__What you will do__.
Your reply must contain the full listing below, reproduced exactly, but no pictures.

__Provided material__.
__________
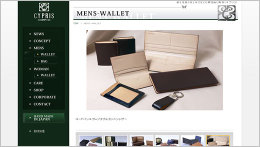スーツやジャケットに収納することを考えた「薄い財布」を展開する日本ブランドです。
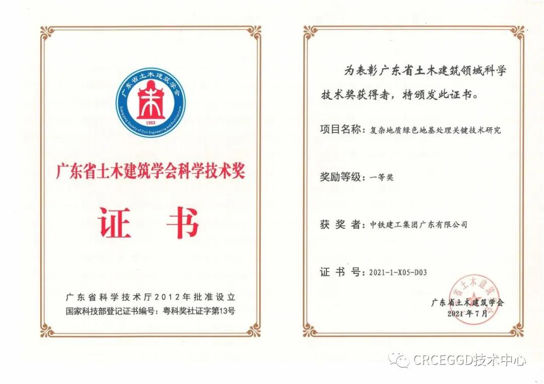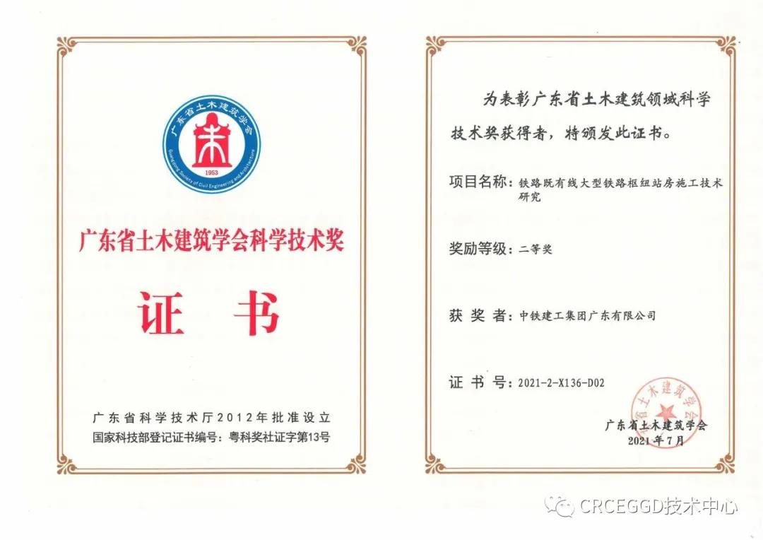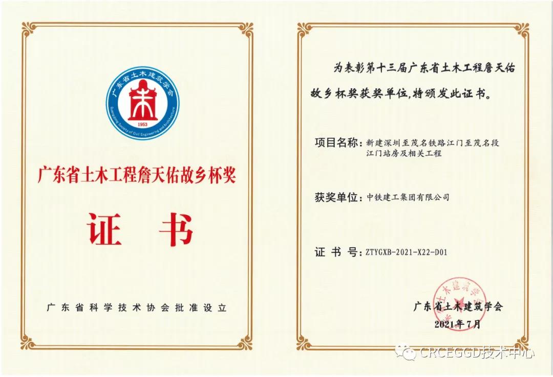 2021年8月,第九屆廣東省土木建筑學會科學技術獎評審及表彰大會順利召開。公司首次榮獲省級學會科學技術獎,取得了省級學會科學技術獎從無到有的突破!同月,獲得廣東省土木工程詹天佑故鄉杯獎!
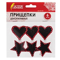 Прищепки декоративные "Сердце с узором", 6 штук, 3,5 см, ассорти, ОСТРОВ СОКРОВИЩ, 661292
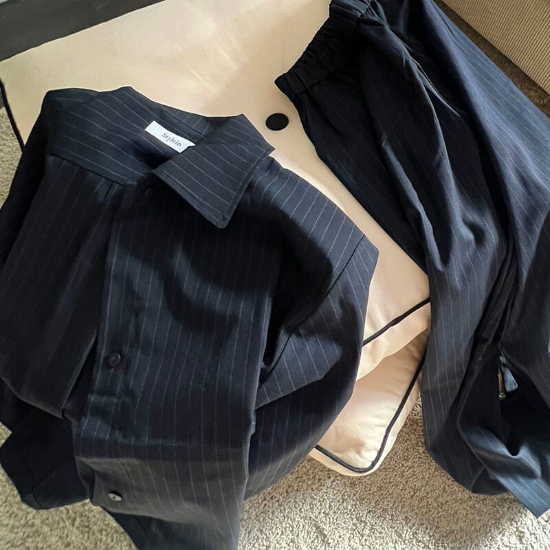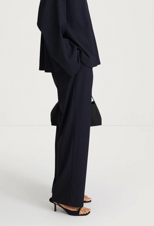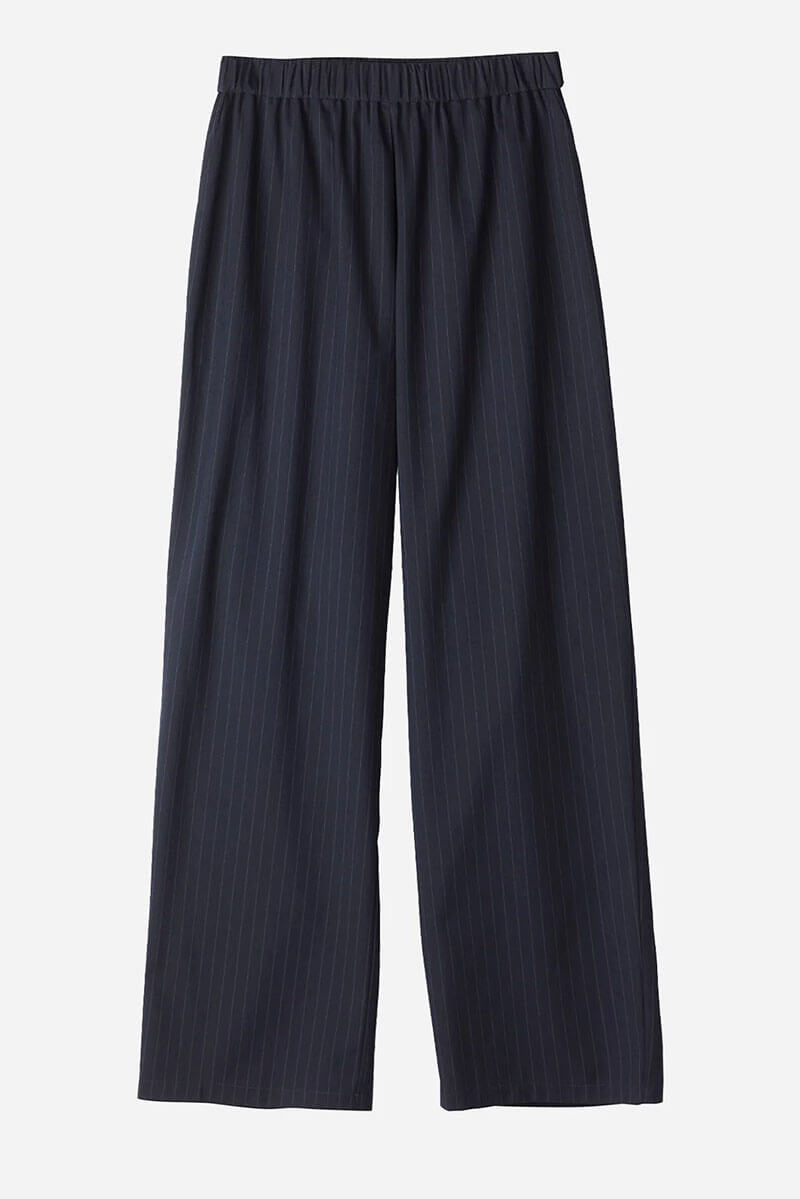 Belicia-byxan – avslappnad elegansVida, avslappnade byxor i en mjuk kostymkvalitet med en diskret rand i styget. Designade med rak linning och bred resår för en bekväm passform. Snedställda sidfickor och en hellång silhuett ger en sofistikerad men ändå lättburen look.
__________
__Reply__.
スーツやジャケットに収納することを考えた「薄い財布」を展開する日本ブランドです。
 2021年8月,第九屆廣東省土木建筑學會科學技術獎評審及表彰大會順利召開。公司首次榮獲省級學會科學技術獎,取得了省級學會科學技術獎從無到有的突破!同月,獲得廣東省土木工程詹天佑故鄉杯獎!
 Прищепки декоративные "Сердце с узором", 6 штук, 3,5 см, ассорти, ОСТРОВ СОКРОВИЩ, 661292
 Belicia-byxan – avslappnad elegansVida, avslappnade byxor i en mjuk kostymkvalitet med en diskret rand i styget. Designade med rak linning och bred resår för en bekväm passform. Snedställda sidfickor och en hellång silhuett ger en sofistikerad men ändå lättburen look.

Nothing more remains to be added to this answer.